I walk past the painting every day, but I haven’t looked at it in ages. I picked it out with my mom when I was eight. So many renderings of Jesus make him look stern or so pious that He’s not even human. But the one on this wall? He looks like someone who’d help a mom get a stroller up the stairs—like someone you’d ask for directions, knowing he’d find a way to help you even if he wasn’t sure. “He has laughter in His eyes,” my mom noted approvingly as she purchased it for me. And He does.

As I set my hands on the keys again, I can feel Him looking back at me, His eyes glinting with mirth.

“This isn’t funny at all,” I whisper. “Don’t even look at me.”

He keeps grinning like He knows something I don’t.





CHAPTER FIVE

From my view inside the car, Daybreak looks a lot like Holyoke—cabins set among the trees, a fire pit in the distance, and canoes racked up by the lake, in the same aged forest green and battered camp red.
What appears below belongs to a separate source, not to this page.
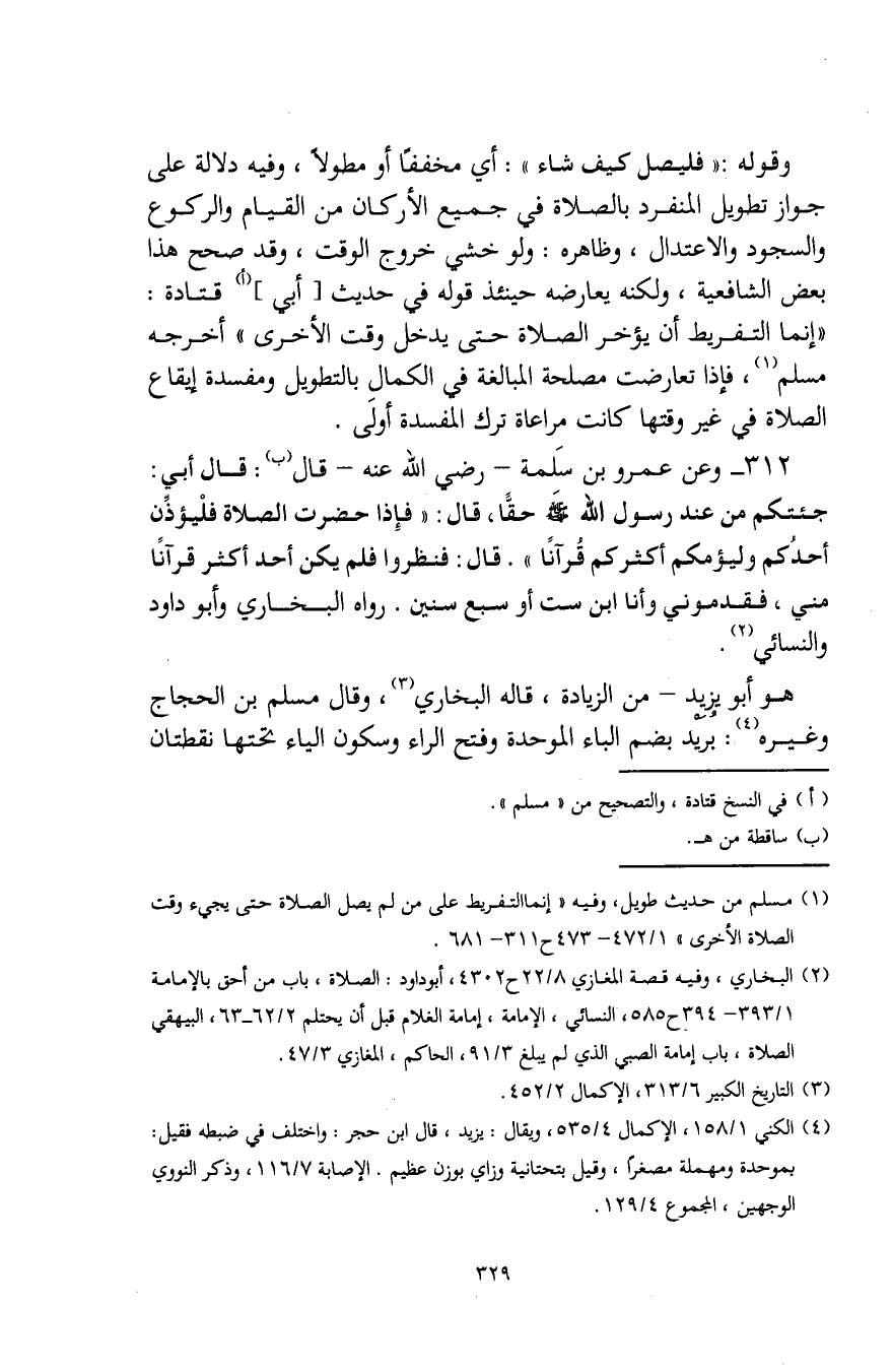 (¬4) الكنى 1/ 158، الإكمال 4/ 535، ويقال: يزيد، قال ابن حجر: واختلف في ضبطه فقيل: بموحدة ومهملة مصغرًا، وقيل بتحتانية وزاي بوزن عظيم. الإصابة 7/ 116، وذكر النووي الوجهين، المجموع 4/ 129.

The pier is thin, splitting out into a T-shape. Down a little way, I can see campers in silhouette near the shoreline.

The lodge spans my entire view out our car’s front window. It’s wider than Holyoke’s, with golden-wood siding and a porch. The sign above features a painted sun—half-risen and egg-yolk yellow—with “Daybreak” spelled in cornflower blue.
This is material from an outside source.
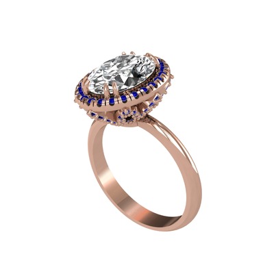 Beyaz zirkon ve lab safir 925 ayar rose altın kaplama gümüş yüzük

“Here we are!” my mom announces cheerfully. “Stay here for a minute, okay?”

In the backseat, I hug my knees to my chest, breath fogging up the window. God, what am I doing here? Is this right? Am I really doing this? No answer fills my soul. But as the doubt moves through me like a shudder, I think of Lukas, who didn’t even text me to say Have a good summer! or Good luck at camp! But why would he? We’re paused. In fact, I’m consumed with the urge to find some cute counselor here—maybe one with long hair or those big plugs in his ears, what do I care?—and lay one on him, just out of spite.